Senate Majority Leader Bob Dole opened an unexpected second front Wednesday in the Republicans’ battle with President Clinton: foreign policy.
The Kansas senator said he may try to block any spending to implement Clinton’s nuclear weapons deal with North Korea, and he introduced bills to lift the U.N. arms embargo on Bosnia and slash U.S. spending on U.N. peacekeeping missions, including the current deployment of troops in Haiti.
If Congress’ new GOP majority follows his lead, it would be a major break from a long-standing - if not always honored - tradition of bipartisanship in foreign policy.
“Where we can cooperate, we plan to cooperate, … particularly in areas of foreign policy,” Dole said, invoking the bipartisan ideal.
But he said he would seek early Senate hearings on the Clinton administration’s deal with North Korea, and aides said he actively is considering trying to stop the arrangement.
Under the agreement negotiated last year, North Korea agreed to stop producing plutonium in exchange for an estimated $4 billion in aid, almost all of it provided by South Korea and Japan. But the United States agreed to supply about $4.7 million worth of fuel oil this month to help meet the communist country’s immediate energy needs.
Dole has called the pact “a lousy deal,” objecting particularly to any U.S. aid to North Korea.
White House officials, hoping to head Dole off, warned he is making a political mistake. “I’m not sure the Republicans will get away with across-the-board opposition” on foreign policy, a senior official said. “I think the Republicans have to be selective in where they confront the administration, or the American people will conclude that this is simply partisanship.”

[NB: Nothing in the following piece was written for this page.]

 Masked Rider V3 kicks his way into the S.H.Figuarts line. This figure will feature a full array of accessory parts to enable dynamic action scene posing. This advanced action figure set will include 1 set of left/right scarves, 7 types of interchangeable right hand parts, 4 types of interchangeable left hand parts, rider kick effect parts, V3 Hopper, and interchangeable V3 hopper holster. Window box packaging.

The White House official also said the deal with North Korea “is working. We have frozen the North Korean (nuclear) program.”
Dole, 71, has said he may run for the Republican nomination for president next year.

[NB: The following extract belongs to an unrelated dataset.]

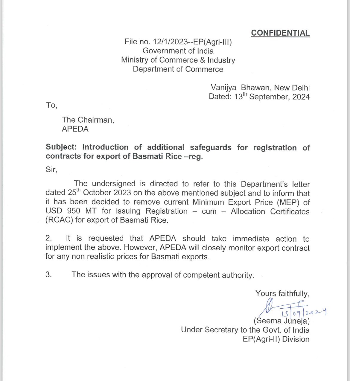 केन्द्र सरकार ने बासमती चावल के निर्यात पर न्यूनतम मूल्य हटाया

Dole’s bill on Bosnia would require Clinton to break with the U.N. arms embargo by May 1 and allow U.S. weapons to flow to the Muslim-led government there unless peace has been achieved.
The State Department criticized the proposal, saying it could disrupt the recently won cease-fire and could lead to a need for U.S. troops to enter the conflict. “It is just the wrong thing to do at this very important point,” State Department spokesman Mike McCurry said.

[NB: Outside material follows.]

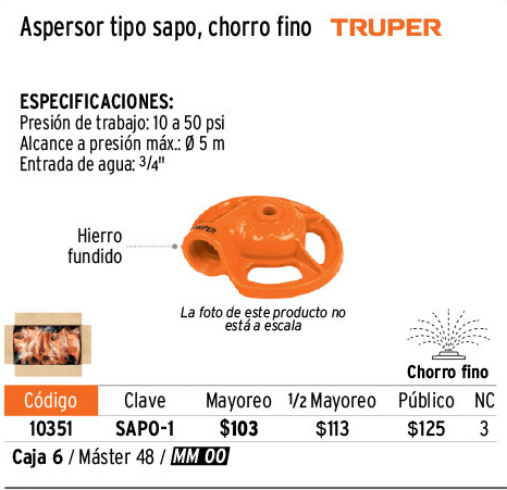 Aspersor base metálica, tipo sapo de chorro fino, TRUPER

But Dole said the threat of U.S. arms shipments would provide “leverage” to force Bosnian Serb rebels, who have been winning on the battlefield, to make a deal with the Bosnian government.
Dole’s peacekeeping bill would restrict U.S. support for U.N. peacekeeping operations by requiring the administration to find the money to pay for any future missions before voting for them in the U.N. Security Council. And it would slash funding by counting any money spent on U.S. missions like the Haiti operation against the U.S. contribution to the United Nations.
That provision, if in effect now, would stop the administration from paying for any further U.N. operations in Haiti. But a Dole aide said it probably won’t have any practical effect in Haiti because the law isn’t in force yet.